Human Factors/ Usability is the analysis of how people interact with medical devices. The process of conducting rigorous human factors studies throughout the design process, integrating it with the device risk analysis and design process, and validating the effectiveness of the studies will be explained.
In this webinar various types and methods of human factors analysis will be explained. This process conforms to the new ISO 62366 standard and the new FDA Guidance document.
Areas Covered in the session:
- User error versus use error
- Use related hazards and risk analysis
- User profiles
- Use scenarios
- Step by step human factors program development
Why Should You Attend?
The FDA will only approve devices which are designed so that it is practically impossible for people to accidentally harm themselves even if they use the device improperly.
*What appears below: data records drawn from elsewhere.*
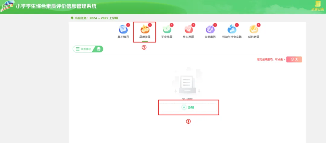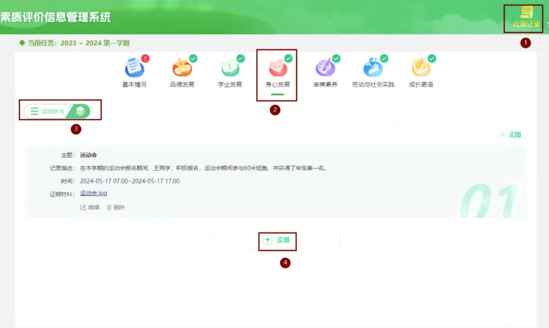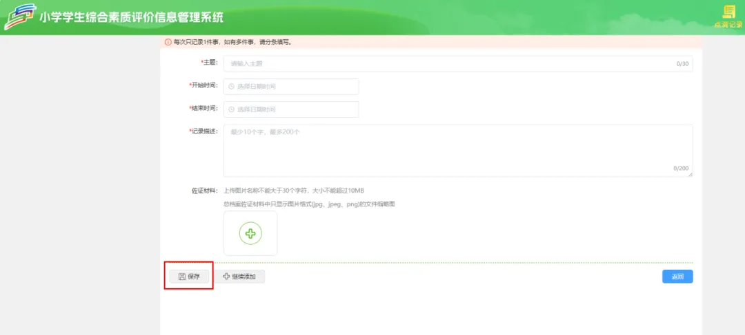 学生用户点击【点滴记录】–>【品德发展】–>【添加】按钮,根据标题、开始时间填写内容,填入后点击【保存】按钮。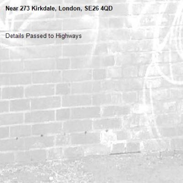 Details Passed to Highways-273 Kirkdale, London, SE26 4QD 30/01/2026 11:44 Details Passed to Highways
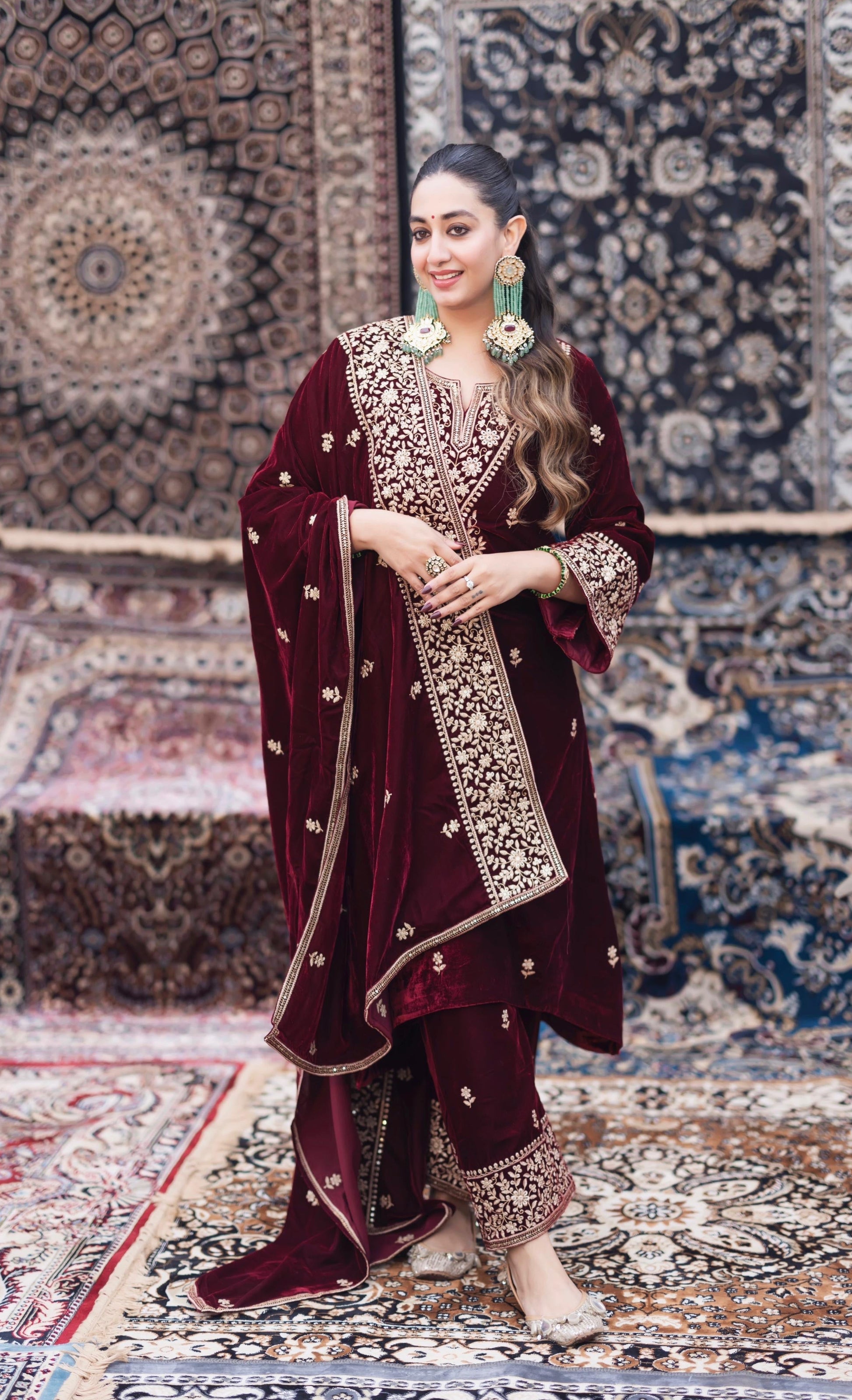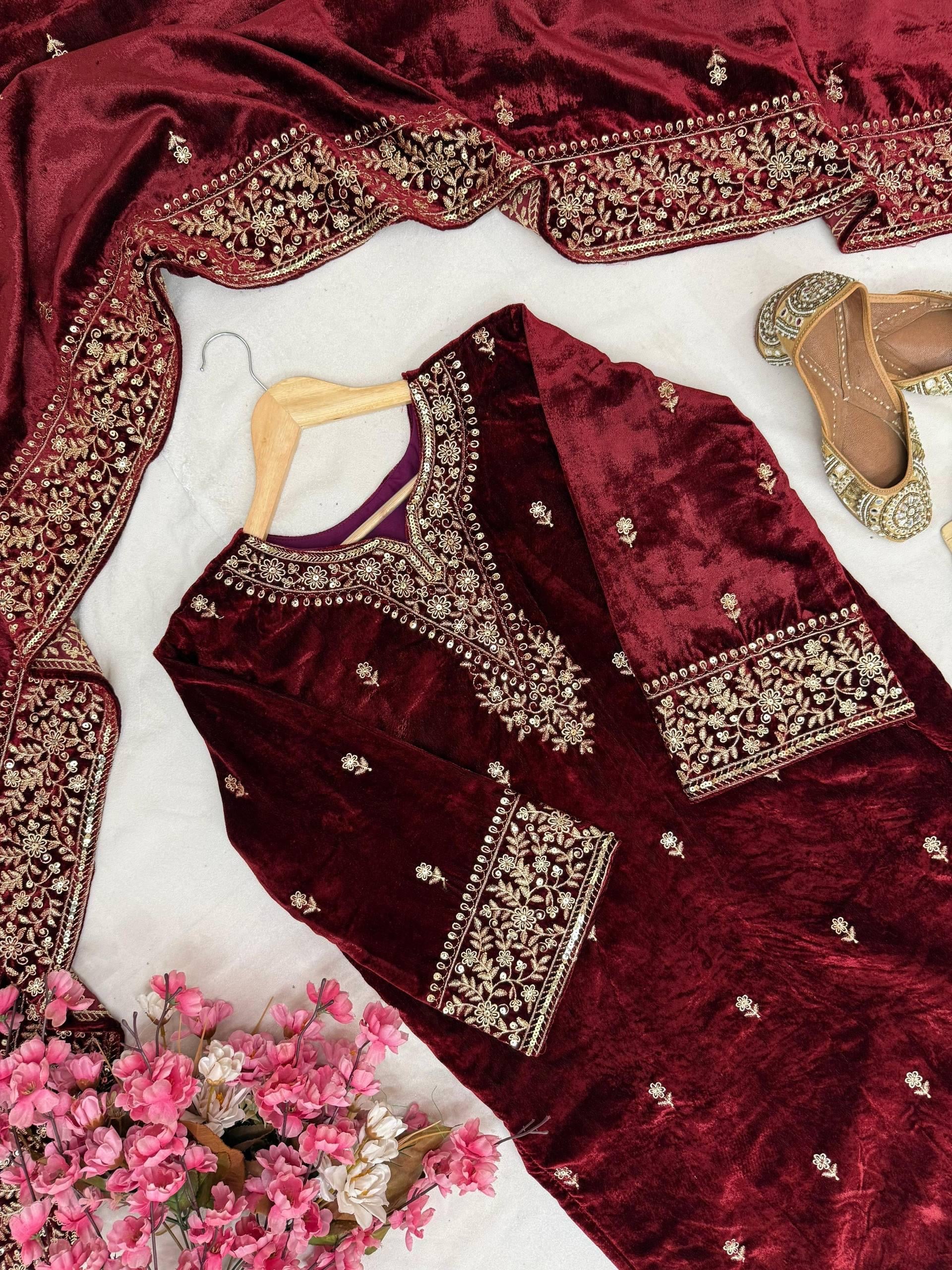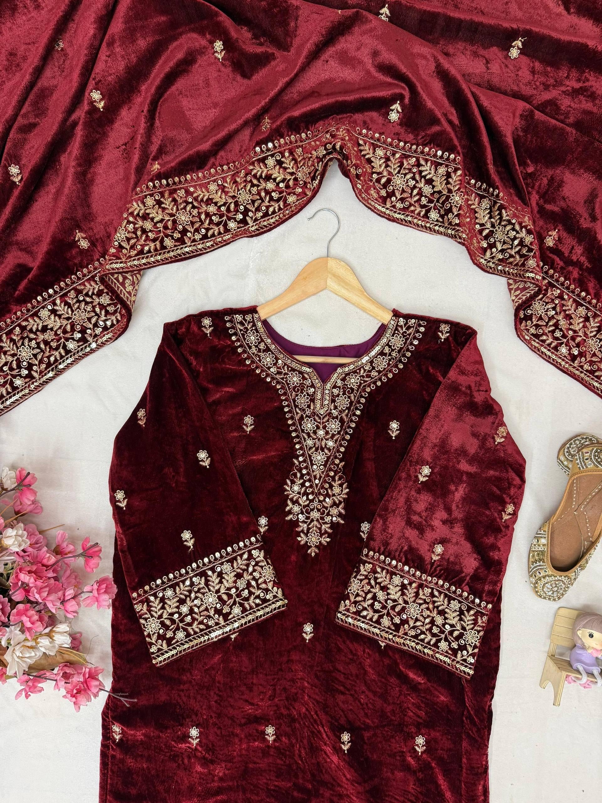 Ethenika Designer Embroidery Work Velvet Kurti Pant Dupatta Set (Ready to Wear)

The FDA has replaced the term “user error” with “use error”. This means that use error is considered by the FDA to be a device nonconformity because human factors should be considered in the design process. The burden is on the device designer to create an “idiot proof” product.
Who will Benefit?
- Engineer management
- Quality assurance
- Regulatory Professionals
Edwin Waldbusser is a consultant retired from industry after 20 years in management of development of medical devices (5 patents). He has been consulting in the US and internationally in the areas of design control, risk analysis and software validation for the past 11 years.
Mr. Waldbusser has a BS in Mechanical Engineering and an MBA. He is a Lloyds of London certified ISO 9000 Lead Auditor and a member of the Thomson Reuters Expert Witness network.